Flashback. C’era un tempo in cui il mondo era bello e privo di dubbi. Era il mondo in cui suonavano i Duran Duran. Dico i Duran Duran ma potrei dire gli Spandau Ballet, gli Wham… Poi sono arrivati i dubbi, e a portarceli sono stati gli U2 e i Simple Minds. Un po’ anche Springsteen, ma lui portava anche il coraggio per affrontarli. Il dubbio per il dubbio, e la ricerca della forza interiore arrivava dal nord, dall’Irlanda e dalla Scozia. Poi si è mischiato tutto e il mondo ha iniziato a complicarsi. Ma in principio erano gli U2 e i Simple Minds. I primi sono andati avanti, hanno incontrato l’America, Berlino, la tecnologia. Dei secondi si sono perse le tracce nel loro nuovo sogno dorato.

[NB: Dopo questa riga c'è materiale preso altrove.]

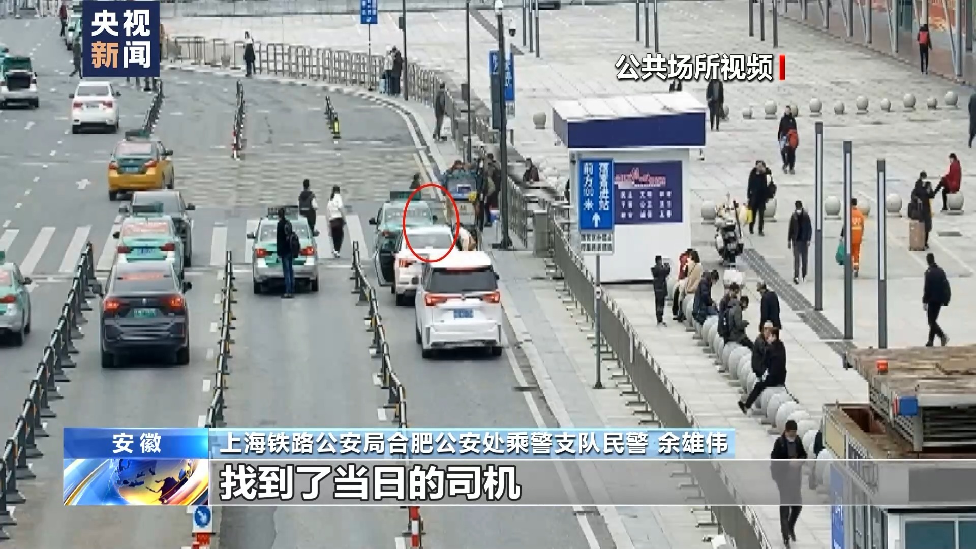 上海铁路公安局合肥公安处乘警支队民警 余雄伟:通过该出租车的车牌号码,找到了当日的司机,通过对司机进行询问,得知该旅客到达了某小区。下车之后他在回家的途中,刚好小区门口有视频,清晰拍到了他的面部特征。

Flash forward. Il 15 luglio i Simple Minds suonano al Pistoia Blues. Dovevano farlo due anni fa, poi è successo quello che è successo, e il pubblico si è presentato in massa coi biglietti ormai sbiaditi (due anni dopo l’inchiostro su plastificato svanisce, è un dato di fatto). Poi, sarà stato l’inchiostro del biglietto, sarà stato l’incenso dei banchini dei fricchettoni, sarà stata la birra che scorreva, ma quello che è successo in piazza ha a che fare con i varchi spazio-temporali. L’intera piazza è stata risucchiata in un loop stile Stranger Things. Un mondo dove i capelli sono lunghi dietro e corti davanti – e non sono ridicoli. Dove i giri di basso sono circolari e sono contrappuntati da frasi di chitarra mai solista e da suoni di tastiera modernissimi, per l’epoca. Un mondo, per dirne una, dove Nelson Mandela è vivo ma ancora in prigione.
Il tour si chiama “40 years of hits tour”. In realtà gli anni di hits sono solo sette, dall’82 all’89. New Gold Dream, Sparkle In The Rain, Once Upon a Time, Street Fighting Years. È tutto concentrato in quegli anni e in quei quattro album. Nessun pezzo dagli oltre 10 album successivi, un solo pezzo (la meravigliosa Love Song) dai cinque album precedenti. Come se gli U2 si fossero fermati a The Unforgettable Fire. Però in quel loop temporale i Simple Minds si muovono benissimo e non sbagliano un colpo. Ancora Alive and kicking nella loro epica di la la la la. E trascinano la piazza con loro, ripescando, uno per uno, i dubbi, le ansie e le speranze di quarant’anni fa.
Poi, dopo Don’t You, New Gold Dream e Sanctify Yourself il loop si scioglie. Quello che ci appare è una piazza piena di padri e madri di famiglia che ricominciamo a pensare a quello che fa adesso il loro figlio adolescente, con le mani protese verso un signore con un’incipiente calvizie alla Mel Brooks e con un po’ di pancetta, che insieme ad un chitarrista spreciso ma originale li saluta. Non è quello che hanno visto e hanno pensato per tutta la sera. Ed è bello che sia stato così.